Which kind of help is needed?
Would also be be great if there where links to some resources here explaining how to train a usable model for a new language and what the greatest difficulties are with this language.
For instructions, check GitHub - LibreTranslate/Locomotive: Toolkit for training/converting LibreTranslate compatible language models đźš‚
Funny fact: Romans did not even have a word for translation. Either you spoke Latin, or you were a Barbarian (which meant “singing bird” in Greek).
I’ve checked the corpora on opus: CCMatrix is actually a mix of latin and romance languages (found italian and spanish, sometimes french).
Once filtered with langdetect (assuming this works…) it may yield half a mil sentence pairs, some more adding the bible (which is already not classic latin) and XLEnt.
Assuming you get half a mil sentences, you should then thread carefully: training may stop at any moment, and before 20k steps (w/ vanilla settings, 6k with DEEP because it also processes more data in a single step), the models are meaningless.
Try first Locomotive’s vanilla settings. If this works, skip next. If not, try to change the learning rate schedule (decay_method: noam, learning_rate: 1, warming_steps: 1000) to slow things down, then lower the LR until training runs for at least 32k steps before stopping.
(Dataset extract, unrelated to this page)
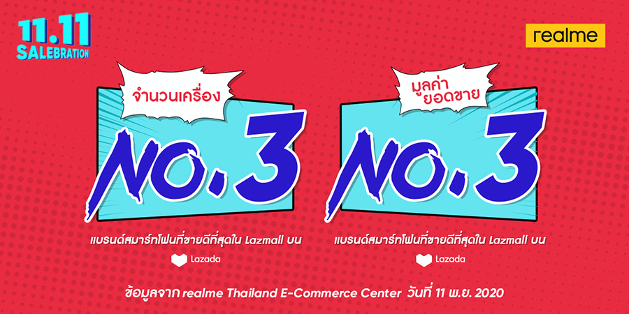 ซึ่งจากแคมเปญ 11.11 SALEBRATION เมื่อวันที่ 11 พฤศจิกายนที่ผ่านมา realme ครองตำแหน่งแบรนด์สมาร์ทโฟนที่ขายดีอันดับ 3 ในด้านของยอดจำหน่ายสมาร์ทโฟนต่อเครื่อง และในด้านของยอดขายสมาร์ทโฟนบน Lazada ในหมวดหมู่ Lazmall

When you have an operational learning schedule, switch to more robust hyperparameters like the “DEEP” ones (look into other topics on the site, there are several possibilities). Then, training may stop around 10k steps, nevermind: it will have read and learnt the same amount of sentences as before.
Otherwise, you’ll have to train a multilingual model (like lynxpda did for veps) italian+sardinian+latin/english, or maybe roughly tune for italian, then reset optim and update vocabs to Latin after 1 or 2000 steps, using as litlle (2M) Italian as possible and avoiding corpora that feature modern concepts. Don’t know, never tried, and probably a pipe dream.
why sardinian? It has a clean NLLB corpus of 1M sentences and is the roman language closest to the ancient Latin language (guys lived on an island with little to plunder and moutains to hide into, so they missed the most of the Middle Ages’ invasions), so it will prevent the model from overfitting to Italian and losing Latin’s grammatic and syntactic specific features.